### Excerpted data

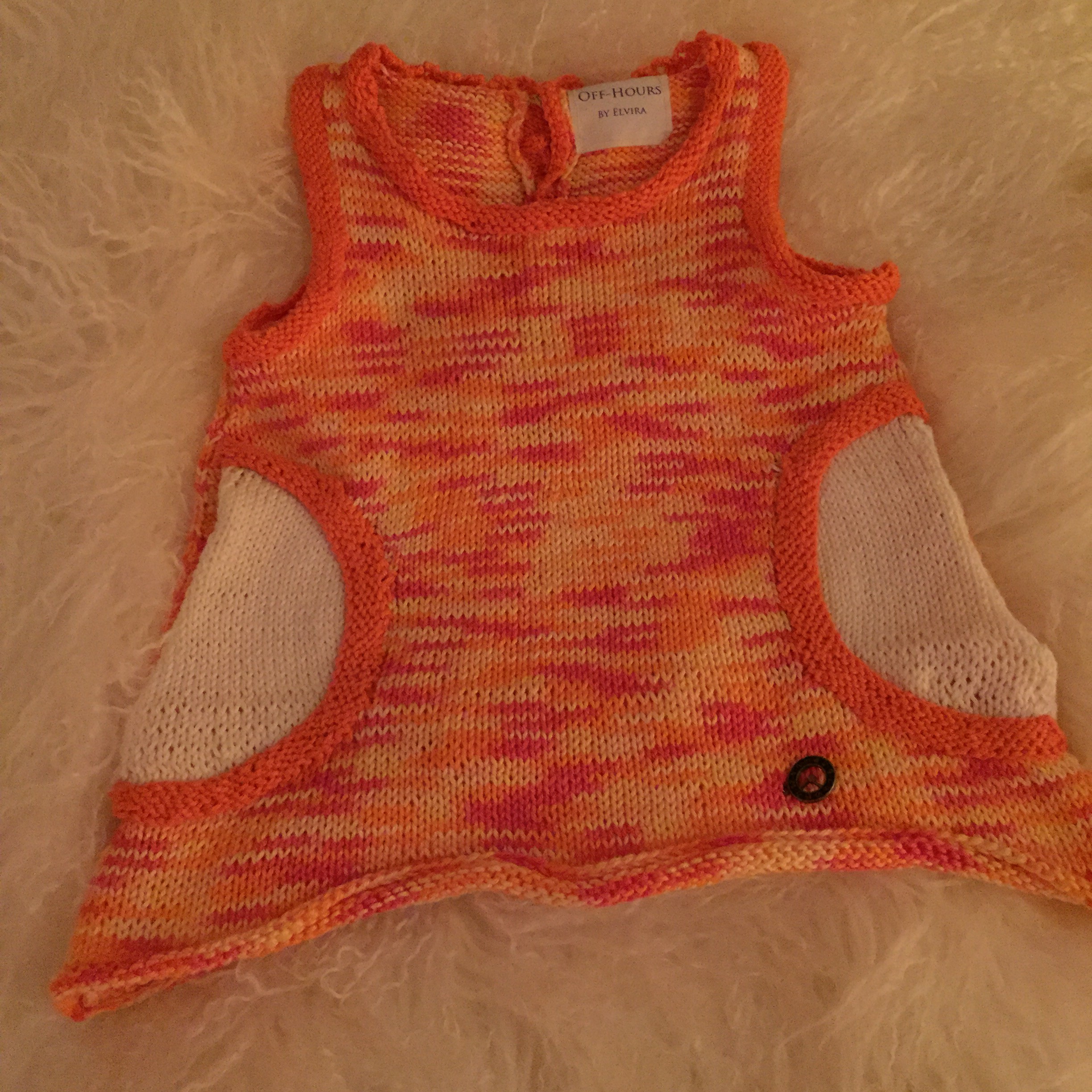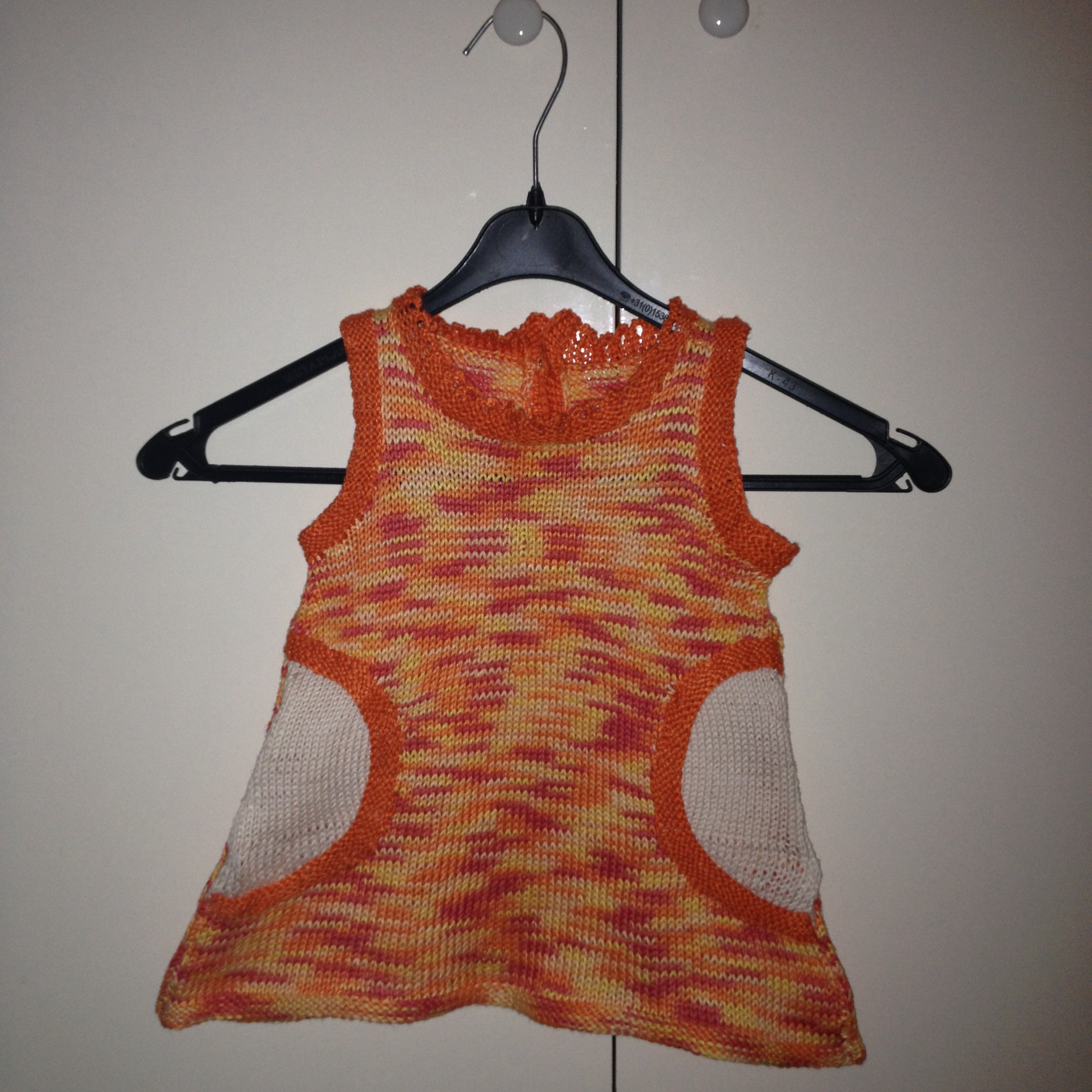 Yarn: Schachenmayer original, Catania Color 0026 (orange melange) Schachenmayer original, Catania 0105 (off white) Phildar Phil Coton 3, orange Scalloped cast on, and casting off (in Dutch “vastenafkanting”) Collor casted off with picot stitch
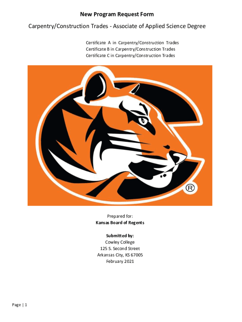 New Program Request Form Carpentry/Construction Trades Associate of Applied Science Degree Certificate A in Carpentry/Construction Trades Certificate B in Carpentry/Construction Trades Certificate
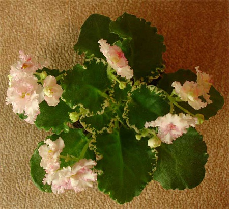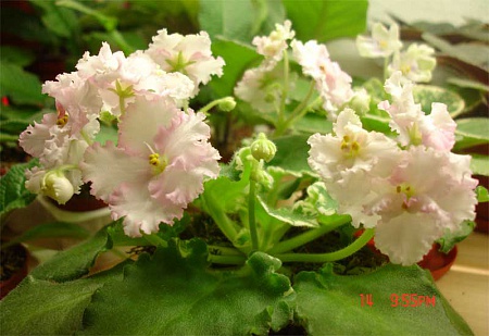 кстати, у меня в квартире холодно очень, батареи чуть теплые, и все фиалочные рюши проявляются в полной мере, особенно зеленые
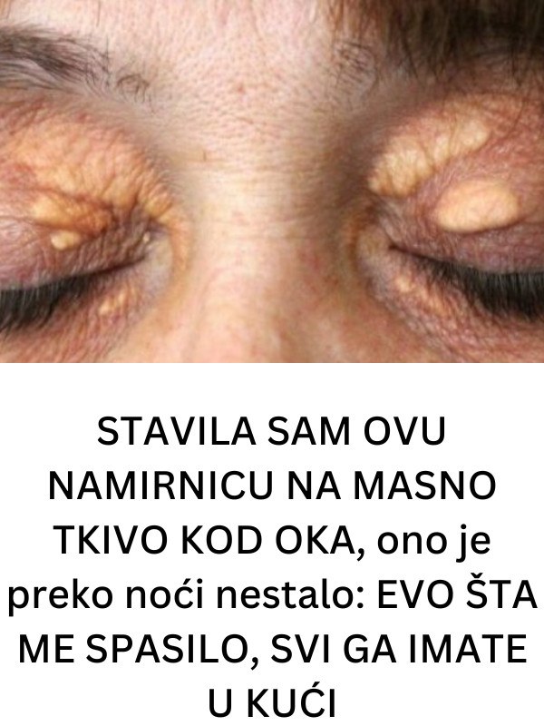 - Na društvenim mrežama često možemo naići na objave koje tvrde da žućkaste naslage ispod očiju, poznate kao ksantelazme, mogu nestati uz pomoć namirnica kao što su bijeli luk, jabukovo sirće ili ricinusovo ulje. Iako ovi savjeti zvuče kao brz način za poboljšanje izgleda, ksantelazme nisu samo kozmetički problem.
--
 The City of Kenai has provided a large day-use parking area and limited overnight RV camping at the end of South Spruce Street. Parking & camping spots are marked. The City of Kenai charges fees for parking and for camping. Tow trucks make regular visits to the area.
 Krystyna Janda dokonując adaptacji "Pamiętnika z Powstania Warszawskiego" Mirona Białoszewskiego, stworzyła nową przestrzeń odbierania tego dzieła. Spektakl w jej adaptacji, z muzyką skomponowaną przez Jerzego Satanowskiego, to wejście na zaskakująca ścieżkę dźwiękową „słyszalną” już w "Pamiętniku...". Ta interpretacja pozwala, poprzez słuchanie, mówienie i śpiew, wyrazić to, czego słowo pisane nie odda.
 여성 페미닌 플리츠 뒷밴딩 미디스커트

### Aim of the exercise
Send back exactly the lines of the listing above starting at the one with "Krystyna Janda dokonując" and ending at the one with "여성 페미닌 플리츠 뒷밴딩 미디스커트", inclusive, and no others.

### Solution for this problem
 Krystyna Janda dokonując adaptacji "Pamiętnika z Powstania Warszawskiego" Mirona Białoszewskiego, stworzyła nową przestrzeń odbierania tego dzieła. Spektakl w jej adaptacji, z muzyką skomponowaną przez Jerzego Satanowskiego, to wejście na zaskakująca ścieżkę dźwiękową „słyszalną” już w "Pamiętniku...". Ta interpretacja pozwala, poprzez słuchanie, mówienie i śpiew, wyrazić to, czego słowo pisane nie odda.
 여성 페미닌 플리츠 뒷밴딩 미디스커트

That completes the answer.